Terrorist recruiters are offering attractive packages online in an attempt to radicalise young people, said Counter Terrorism and Transnational Crime (CTTC) unit chief Monirul Islam today.
"Youths aged between 25 and 30 years are getting involved in terrorism by watching different videos aimed at radicalising their mind," Monirul, also an additional commissioner of Dhaka Metropolitan Police said.
He was addressing a press conference arranged to mark the inauguration of "Dhaka Peace Talk" in the media and public relations centre of Dhaka Metropolitan Police.
The programme has been organised by the Centre for Social Advocacy and Research Foundation in association with the United States Agency for International Development.
"Those who are devoid of the sense of patriotism, responsibility towards society and the people, ideology, tolerance and understanding of reality are being radicalised," Monirul said in reply to a query about radicalisation in the aftermath of the Holey Artisan attack.
In response to another question, he said, "More anti-terrorism drives are being conducted following the Holey Artisan tragedy. We need to step up the number of drives. We also need to create an antibody to stop terrorism."
About the reasons for radicalisation, Executive Director of the Centre for Social Advocacy and Research Foundation Shabnam Aziz said, "Research has not found any specific reasons for fanaticism. Youths are being radicalised in different situations. We cannot put the reasons on any specific frame."
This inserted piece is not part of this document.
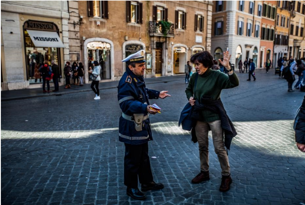
An officer with the Italian Vigili police force offers directions to a tourist near the Spanish Steps in Rome.

Yet most Italians don't seem particularly concerned about ISIS. In response to last week's "Pizza" threat on Twitter, some took to social media and mocked the terrorists with the hashtag "We_are_Coming_O_Rome," a reference to another typo'd tweet from the ISIS account. The popular hashtag served up funny travel tips, like this one: "Don't fall for the 'jump the line!' offers at the Vatican; it's a scam. Just wait your turn like everyone else." In a recent national poll by the European Observatory on Security, only 1.3 percent of Italians listed "terrorism" as their greatest concern, behind unemployment, corruption, the economy and taxes. Only "environmental degradation" scored lower.

"It is not possible for any force, organisation and person to prevent terrorism completely. It is a complex and long-term process. Hence, people from all walks of life need to come forward and work in collaboration to prevent terrorism," said Shabnam, also an associate professor of mass communication and journalism at the University of Dhaka.
She argued that religion is not the sole factor for the rise in extremism.
"Different factors such as social, political, economic inequality and values are associated with it. Our aim is to do research on why the youths get involved in fanaticism."
Shabnam said families should teach young people values in order to prevent radicalisation.
She said both the society and the state have roles in preventing radicalisation.
"The Centre for Social Advocacy and Research Foundation wants to play a role in building awareness of the problem. We want to identify the reasons and find out a solution," the academic said.
"The Centre for Social Advocacy and Research Foundation is a platform for strategic think tanks. It is an organisation of researchers, academicians of different universities and journalists. It has a plan to form a 36-member panel. It will organise 12 roundtable discussions in Dhaka and conduct 12 separate researches," she added.